Complainant alleges that he was discriminated against on the bases of sex

(male), physical disability (chronic lower back pain), mental disability

(post traumatic stress disorder; panic disorder; and recurrent depression)

and in reprisal for prior EEO activity when: (1) on February 12, 1996,

he was physically assaulted by the Acting Supervisor; and (2) on March

25, 1996, he was placed in an Emergency Off Duty Station where he was not

allowed to perform his regular duties. The Commission accepts the appeal

in accordance with EEOC Order No. 960.001. For the following reasons,

we affirm the FAD as clarified herein.

The record reveals that during the relevant time, complainant was

employed as a Full Time City Letter Carrier (PS-05) at the agency's

Mt. Pleasant, South Carolina facility. Believing he was discriminated

against, complainant sought EEO counseling and subsequently filed a

complaint on April 19, 1996. At the conclusion of the investigation,

complainant was granted thirty days to request a hearing before an EEOC

Administrative Judge.

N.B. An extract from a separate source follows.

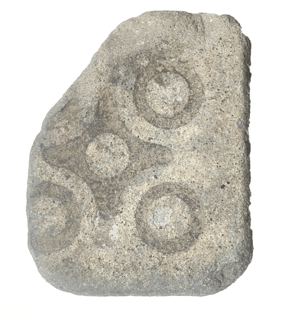 Authentic Barcelona Panot, retrieved from the waters of Barcelona, showcasing the iconic Calavera design. Loss of pattern on the upper left side and deep wear on the lower left side, leaving only part of the design remaining.

When complainant failed to request a hearing

within the thirty day time period, the agency issued a final decision

finding no discrimination.

The FAD found that complainant failed to establish a prima facie case

of discrimination on any of his alleged bases.<2> In reaching this

conclusion, the FAD found that complainant failed to present evidence:

(1) that he was treated less favorably than similarly situated employees

outside of his protected classes; (2) that the agency officials

responsible for the alleged discriminatory actions were aware of his

prior protected activity; or (3) that he had either a physical or mental

disability within the meaning of the Rehabilitation Act. It is from

this decision complainant now appeals. On appeal, complainant contends

that his medical condition is "on going." The agency requests that we

affirm its FAD.

Complainant's version of the alleged assault and the Acting Supervisor's

version of the alleged assault are completely different. Complainant

and the Acting Supervisor had a discussion on the workroom floor

concerning complainant's request for auxiliary assistance. Because of

a disagreement, they moved the conversation into a back office.

Complainant alleges that the Acting Supervisor threw him against the

office door. The Acting Supervisor alleges that complainant violently

slammed the office door, lost control of his temper and subsequently

used his hands to prevent the Acting Supervisor from leaving.

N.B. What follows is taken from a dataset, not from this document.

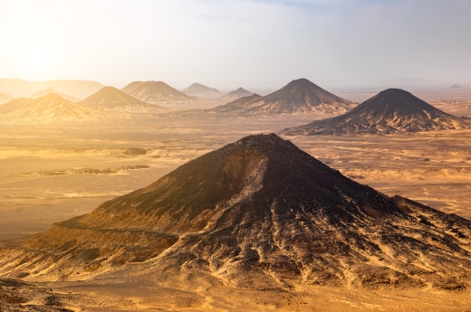 這區的沙漠地下含有豐富的鐵礦,所以在地表上散布著一層黑色粉末與石礫,呈現荒涼感,當地稱之為黑沙漠。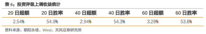 如下表所示,在投资评级上调事件触发后20日样本相对市场等权的平均超额收益为2.54%,胜率为54.9%;事件所带来的超额收益能持续1个季度,未来40日和60日的平均收益为2.94%和3.28%,胜率分别达到54.3%和53.8%。

The Acting Supervisor denies threatening complainant although admits

that during his attempt to get out of the office, they may have had

physical contact. A police report stated that there was no evidence of

an injury to complainant's head, but a medical report found evidence of

a 3 centimeter lesion, raised and tender, on the back of complainant's

skull. Accordingly, we find that complainant was involved in a physical

altercation with the Acting Supervisor which resulted in an injury to

his head on February 12, 1996.

Sex Discrimination and Retaliation

Based on the standards set forth in McDonnell Douglas v. Green, 411

U.S. 792 (1973); Texas Department of Community Affairs v. Burdine, 450

U.S. 248, 253-256 (1981); and Hochstadt v. Worcester Foundation for

Experimental Biology, Inc., 425 F. Supp. 318 (D. Mass. 1976), aff'd,

545 F.2d 222 (1st Cir. 1976) (applying McDonnell Douglas to retaliation

cases), the Commission agrees with the agency that complainant failed

to establish a prima facie case of sex discrimination or retaliation.

In reaching this conclusion, we note that complainant failed to name a

similarly situated female employee, much less one who was treated more

favorably under similar circumstances. Moreover, we infer that the

Acting Supervisor's physical contact with complainant was motivated,

more likely than not, by self defense rather than discriminatory animus.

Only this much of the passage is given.